Speaker: Rui Zheng is a large model algorithm engineer at ByteDance. He holds a Ph.D. in computer science from Fudan University. His doctoral supervisor is Professor Qi Zhang. His research interests include large model alignment and complex scenario applications. He is the person in charge of the open-source project MOSS-RLHF and a core contributor to the text robustness evaluation tool TextFlint. He has published more than ten academic papers in conferences such as ICLR, ACL, EMNLP, and COLING.
Speaker: Ning Ding
Title: From Specialist, to Generalist, to Specialized Generalist.
Abstract : Large language models, as one of the significant advancements in artificial intelligence in recent years, are gradually being applied across various industries. Generally, the usability of large language models stems from their generalization capabilities, while value creation relies on their specialized expertise. However, current large language models still face challenges in delivering high value in critical scenarios, and there is still a gap before they can be fully transformed into productivity tools. This presentation will explore the evolution from early pre-trained language models tailored for specific tasks to more generalized large language models, and eventually to future foundational models that combine generalization with specialization.
Speaker: Ding Ning is a postdoctoral researcher in the Department of Electronic Engineering at Tsinghua University. His research interests include machine learning, mechanisms of large language models, alignment methods, and applications. In 2024, he received his Ph.D. in Computer Science and Technology from Tsinghua University. He has been selected as Young Elite Scientists Sponsorship Program by CAST, and has received several honors, including the ACL Best System Demonstration Paper Award, the World Artificial Intelligence Conference Young Excellent Paper Award, Baidu Scholarship, etc.
Speaker: Tao Ji
Title: Hallucination Suppression in Large Vision-Language Model Alignment
Abstract : Large Vision-Language Models (LVLMs) have achieved impressive performance, yet research has pointed out a serious issue with object hallucinations within these models. However, there is no clear conclusion as to which part of the model these hallucinations originate from. In this talk, we present an in-depth investigation into the object hallucination problem specifically within the CLIP model, which serves as the backbone for many state-of-the-art vision-language systems. We unveil that even in isolation, the CLIP model is prone to object hallucinations, suggesting that the hallucination problem is not solely due to the interaction between vision and language modalities. To address this, we propose a counterfactual data augmentation method by creating negative samples with a variety of hallucination issues.

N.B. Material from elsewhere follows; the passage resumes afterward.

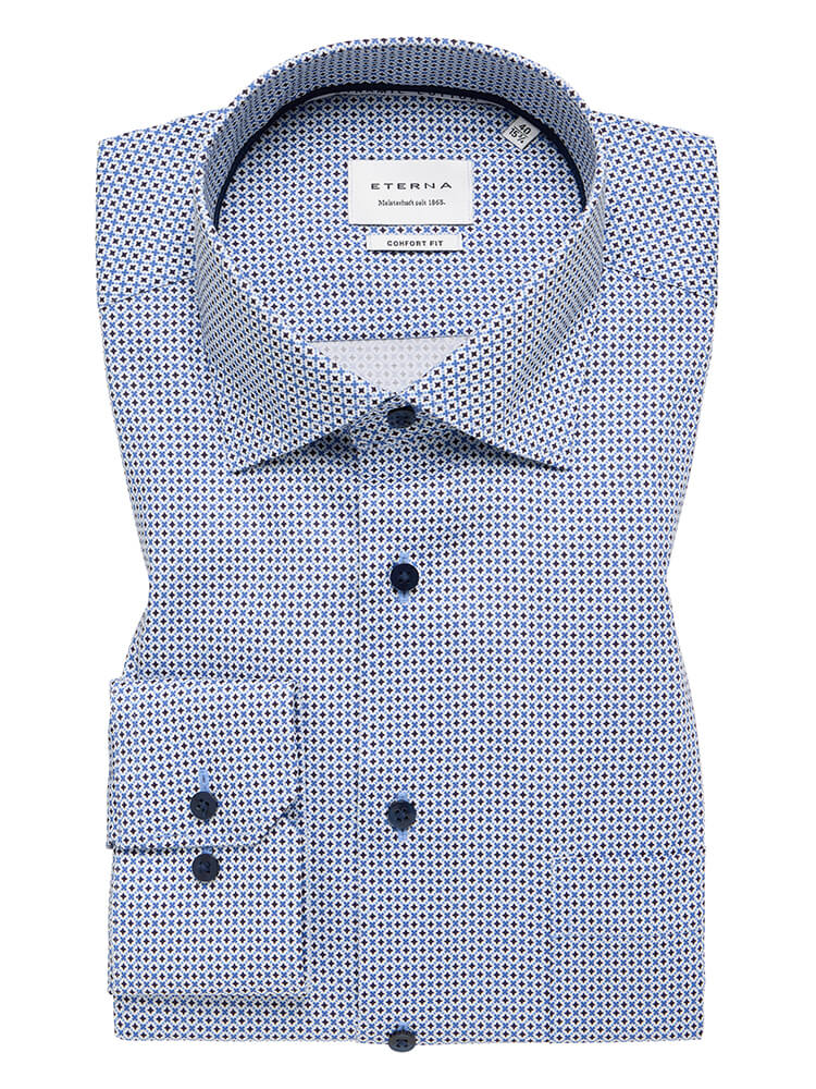 La camisa de negocios cómoda de la colección ETERNA Comfort Fit representa al hombre sofisticado y consciente de la moda de hoy. Un corte clásico combinado con detalles de moda del producto promete un alto nivel de confort y hace de esta camisa un maestro de la combinación. La camisa con dibujos de hombre en el color azul claro para hombre no debería faltar en el armario de ningún hombre y puede llevarse con el cuello elegante y atemporal Kent para cualquier ocasión, así como en la vida cotidiana. Esta camisa de hombre ETERNA Comfort Fit queda mejor con una corbata a juego y un nudo de corbata ancho.

Speaker: Tao Ji is a postdoctoral researcher in the Department of Computer Science at Fudan University. In 2023, he received his PhD degree in Computer Science and Technology from East China Normal University. His research interests include Large Multimodal Model, Efficient Inference of LLM. He has published more than 20 papers in international conferences and journals such as ACL, CoLM, EMNLP, and NAACL, and has received honors like the Shanghai Super Postdoctoral Fellowship, Fudan University Super Postdoctoral Fellowship, and the Future Scientists and Scholars Training Program from East China Normal University.